Manual testing is simply too slow and impossible to scale as developers rapidly build new tools. Best practice requires an automated approach – using APIs to integrate stress tests directly into CI/CD pipelines to continuously screen for vulnerabilities prior to every production release. Teams need to automatically simulate thousands of adversarial scenarios, such as complex skeleton key and crescendo attacks that trick LLMs into bypassing safety guardrails. This is the only way to identify vulnerabilities early on – before they are exploited in production environments.

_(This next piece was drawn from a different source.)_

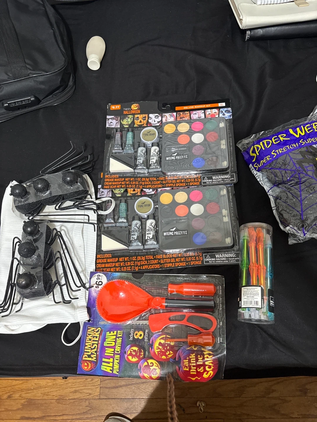 Selling a Halloween makeup kit and a pumpkin carving set. Both are perfect for getting into the spooky spirit! The makeup kit includes grease makeup, fake blood, and applicators. The pumpkin carving kit comes with 8 patterns and various tools for creating your own jack-o'-lantern
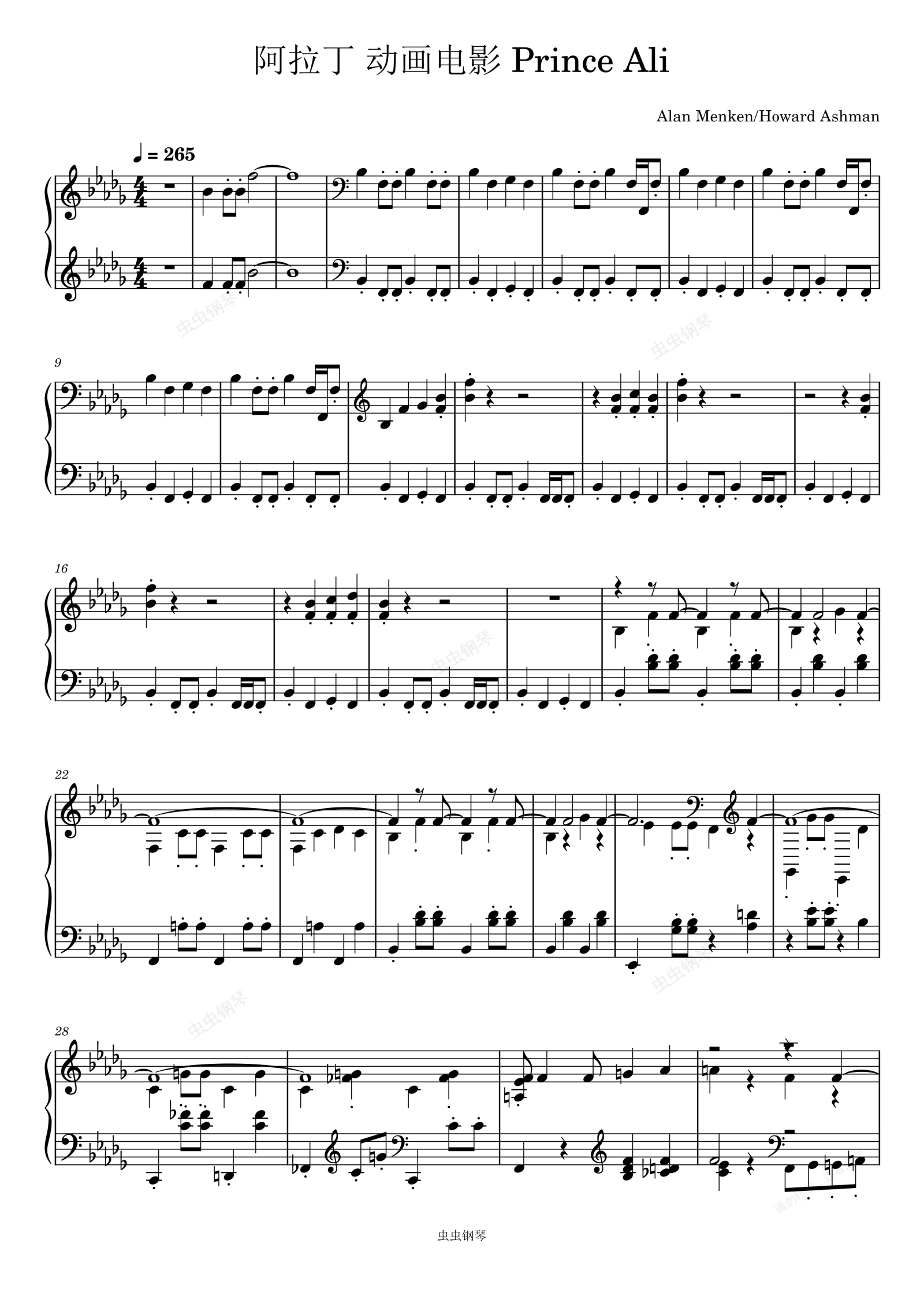 钢琴谱:阿拉丁 动画电影 Prince Ali

AI red-teaming the underlying models also works hand in hand with incident response. If organizations are struggling to understand why an agent went rogue, the answer often lies in understanding how its underlying model was tricked into a failure – prompt injections, harmful instructions, privilege misuse, scope drift, or bypassing safety protocols to leak proprietary data from an edge deployment. Security teams should be proactively testing these model vulnerabilities regularly, because while we haven’t lived through these things at scale yet, they’re coming.
From Awareness to Action
Autonomous AI agents are already changing the way systems are operated and attacks are carried out. The most resilient companies will be those that don’t wait for complete clarity but act now: with transparency regarding agents, an adapted IR model, and continuous AI red teaming. These capabilities are no longer an investment in the future – they form the security foundation for the operational deployment of AI within the enterprise.